After Pinnacle Airlines Corp. bought Colgan Air in 2007 and made Colgan Air its subsidiary, Pinnacle agreed to keep Colgan's headquarters in Manassas as long as, in the company's words, "it continues to make operational and financial sense for the organization." In 2009, Colgan Air announced that it was moving its headquarters to Memphis to be in proximity to the offices of Pinnacle Airlines, Colgan Air's parent company. Fifty employees were scheduled to transfer to Memphis to work in crew scheduling, dispatch, training, flight operations, and other administrative tasks. While 45 other employees were asked to move to Memphis, they declined so they could stay in the Manassas area. In September 2009, the human resources department was scheduled to stay in Manassas.

In October 2009, Pinnacle tried to get additional incentives from the State of Tennessee as the Colgan headquarters were about to move. During that month, Colgan announced that 20 employees would remain in Manassas to man the two hangars at Manassas Regional Airport. One hundred jobs in Manassas were lost as part of the headquarters move. Helaine Becker, a transportation analyst employed by Jesup & Lamont Securities Corp, believed that the moving of Colgan would help reduce costs; she said that the company did not need two corporate headquarters and that "I think it has more to do with that than anything else."

In 2010, Pinnacle Airlines Corp. considered moving its headquarters to Downtown Memphis and to Olive Branch, Mississippi, and the airline also considered keeping the headquarters in its current location. Pinnacle selected Downtown Memphis, and on October 8, 2010, the airline held a celebration for its decision to move into One Commerce Square in Downtown Memphis. The Center City Commission, the City of Memphis, and Shelby County gave out $10 million in incentives, including free parking, to convince Pinnacle to move to Downtown Memphis.
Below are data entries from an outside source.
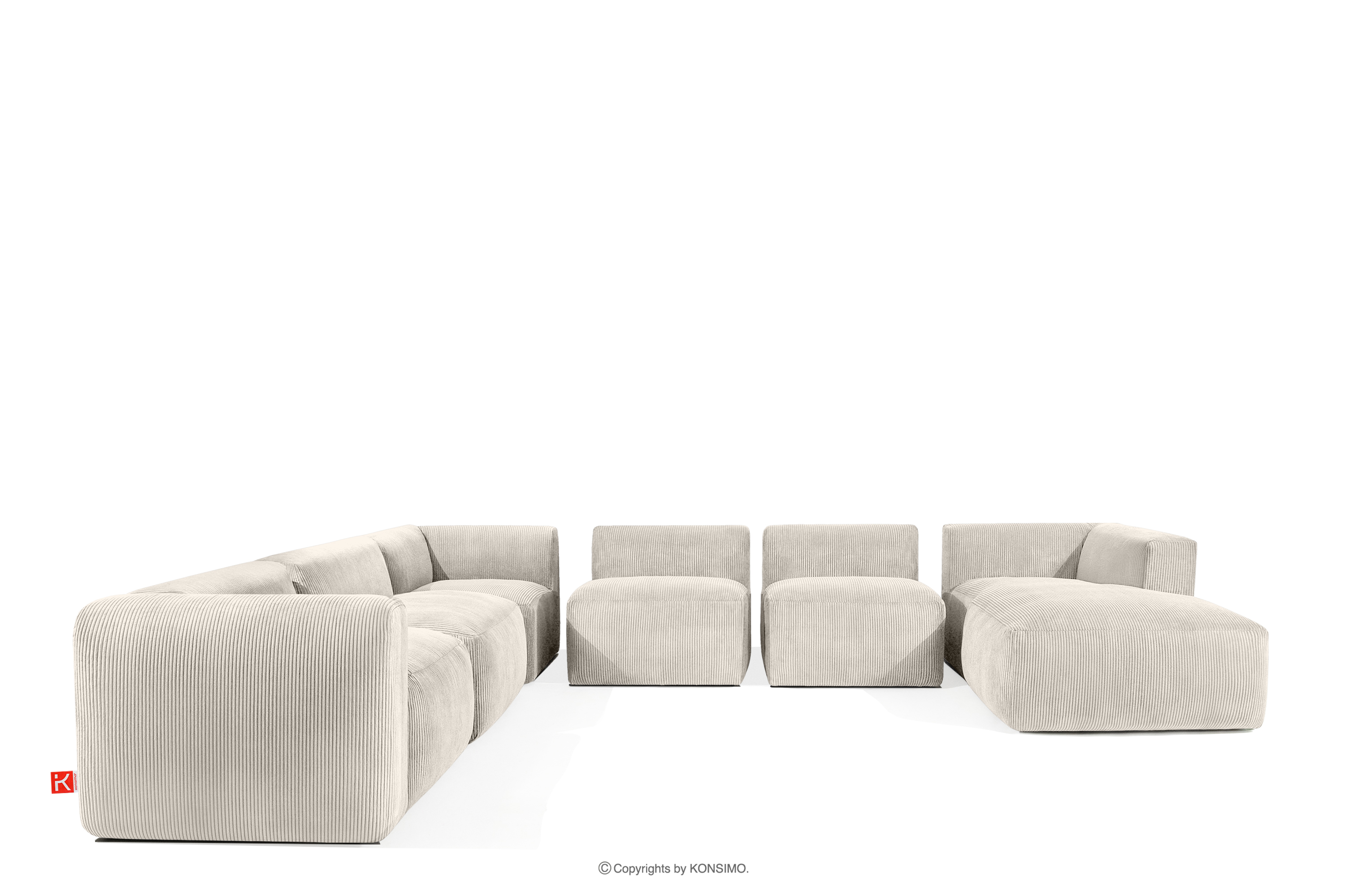 BUFFO zobacz całą kolekcję Duży narożnik w tkaninie sztruks kremowy- kolor kremowy
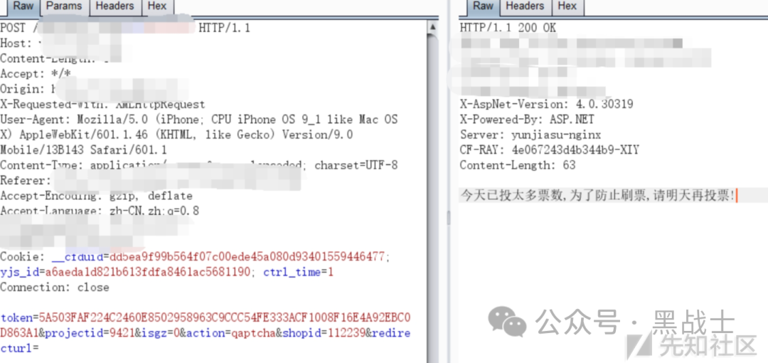 利用前面方法我们无法进行刷票了,都被限制了,这时我们可以利用并发线程,简单来说就是让服务器处理跟不上请求速度,线程还没有达到需要验证的地方已经发出去了很多请求,用Fiddler批量发包,导致服务器没有跟上处理,导致刷票,出现问题的几率比较高
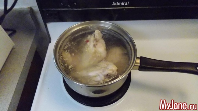 и пусть стоит маринуется, а косточки с остатками мяса на них отправим в кастрюлю, для бульона. Вдруг ризотто захочется сделать, а бульона и нет)))
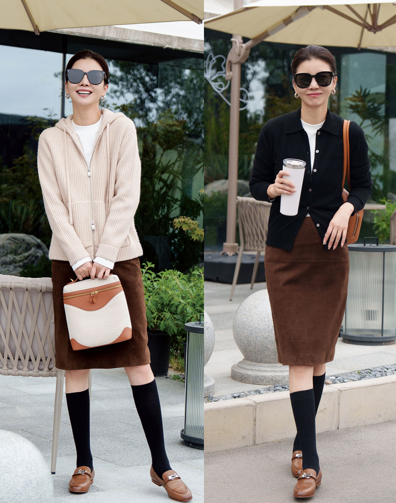 为了避免自己的穿搭,出现“老态感”,她们会借助羊毛衫的温柔属性,突出女性的柔美、与温婉气韵。

== Accidents and incidents ==
- August 26, 2003: Flight 9446, a Beechcraft 1900D (registered N240CJ) operated for US Airways Express as a non-revenue "ferry flight" hit the water off the coast of Yarmouth, Massachusetts, shortly after taking off from Barnstable Municipal Airport in Hyannis, Massachusetts. Both pilots died in the crash.
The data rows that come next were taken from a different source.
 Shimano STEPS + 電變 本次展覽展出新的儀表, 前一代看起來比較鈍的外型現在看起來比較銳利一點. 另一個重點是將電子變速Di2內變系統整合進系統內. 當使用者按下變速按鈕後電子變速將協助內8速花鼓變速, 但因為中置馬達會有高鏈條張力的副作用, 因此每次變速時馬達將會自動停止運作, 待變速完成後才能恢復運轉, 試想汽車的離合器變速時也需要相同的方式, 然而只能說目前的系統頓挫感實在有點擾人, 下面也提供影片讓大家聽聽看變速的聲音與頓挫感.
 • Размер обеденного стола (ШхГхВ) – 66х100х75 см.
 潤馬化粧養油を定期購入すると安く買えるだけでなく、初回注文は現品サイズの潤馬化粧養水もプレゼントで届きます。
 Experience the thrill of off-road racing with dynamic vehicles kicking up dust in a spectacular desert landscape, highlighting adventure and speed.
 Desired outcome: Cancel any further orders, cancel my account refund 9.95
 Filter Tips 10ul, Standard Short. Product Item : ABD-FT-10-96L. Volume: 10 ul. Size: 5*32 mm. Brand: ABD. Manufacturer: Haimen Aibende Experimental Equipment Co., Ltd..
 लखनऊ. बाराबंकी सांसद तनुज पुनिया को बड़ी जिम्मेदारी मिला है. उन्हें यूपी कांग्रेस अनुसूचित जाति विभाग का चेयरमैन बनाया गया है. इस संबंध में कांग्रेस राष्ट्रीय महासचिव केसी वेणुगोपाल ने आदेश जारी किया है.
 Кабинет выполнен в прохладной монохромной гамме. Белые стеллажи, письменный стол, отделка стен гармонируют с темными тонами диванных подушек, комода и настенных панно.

- February 12, 2009: Flight 3407, a Bombardier Q400 (registered N200WQ) operated for Continental Connection crashed into a house located at 6038 Long Street in Clarence Center, New York, while on approach to Buffalo Niagara International Airport, resulting in 50 deaths. The NTSB report states that pilot error, in particular a non-standard response to stick-shaker system, was the cause of the crash. Secondary causes included pilot fatigue.
- September 7, 2011: Flight 3222, a Saab 340B (registered N352CJ) operated for Continental Connection with 23 passengers en route from Houston, Texas, to Lake Charles Regional Airport in Lake Charles, Louisiana, landed at nearby Southland Field in Carlyss, which was a similarly oriented airport located southwest of the intended destination.